• _WORK INSTRUCTION_
Exclude all pictures, then write out exactly the lines below from the first one through the line with "橘黄汉服雅韵生, 恰如仙女显风情。 云鬓轻挽花眼影, 容颜绝世韵倾城。".

• _COLLECTED MATERIAL_

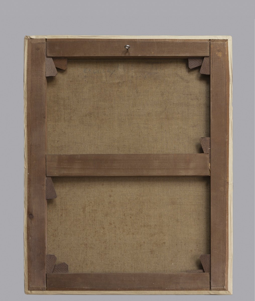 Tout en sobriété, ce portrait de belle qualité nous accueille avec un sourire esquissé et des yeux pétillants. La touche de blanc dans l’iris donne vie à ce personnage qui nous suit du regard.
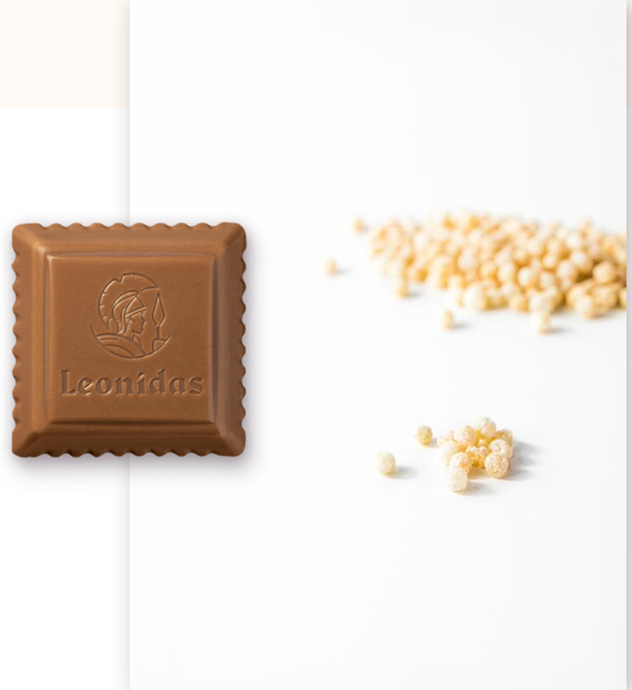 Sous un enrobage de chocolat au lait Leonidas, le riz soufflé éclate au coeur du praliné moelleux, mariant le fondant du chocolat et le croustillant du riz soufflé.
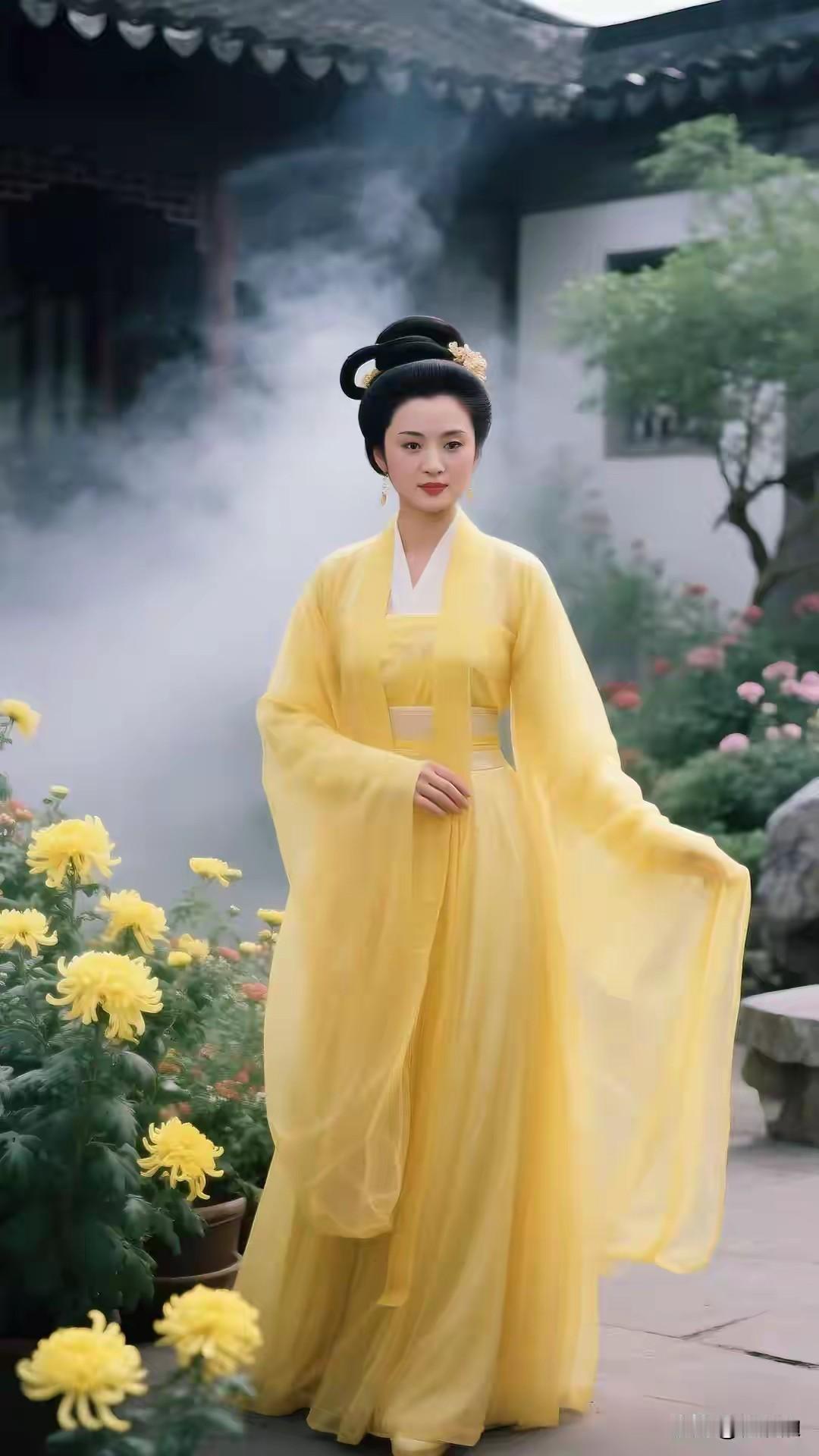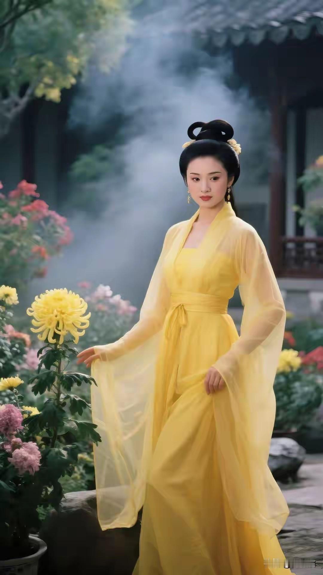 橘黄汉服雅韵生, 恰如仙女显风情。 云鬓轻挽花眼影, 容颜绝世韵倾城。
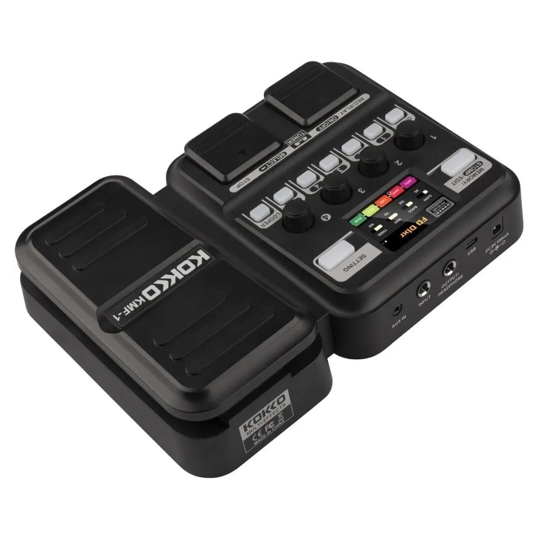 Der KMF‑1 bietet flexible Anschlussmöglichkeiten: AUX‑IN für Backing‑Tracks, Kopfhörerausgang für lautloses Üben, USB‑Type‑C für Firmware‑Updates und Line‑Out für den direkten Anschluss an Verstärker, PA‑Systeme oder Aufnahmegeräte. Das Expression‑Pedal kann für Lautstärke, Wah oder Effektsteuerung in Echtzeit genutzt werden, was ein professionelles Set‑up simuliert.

• _EXERCISE OUTPUT_
 Tout en sobriété, ce portrait de belle qualité nous accueille avec un sourire esquissé et des yeux pétillants. La touche de blanc dans l’iris donne vie à ce personnage qui nous suit du regard.
 Sous un enrobage de chocolat au lait Leonidas, le riz soufflé éclate au coeur du praliné moelleux, mariant le fondant du chocolat et le croustillant du riz soufflé.
 橘黄汉服雅韵生, 恰如仙女显风情。 云鬓轻挽花眼影, 容颜绝世韵倾城。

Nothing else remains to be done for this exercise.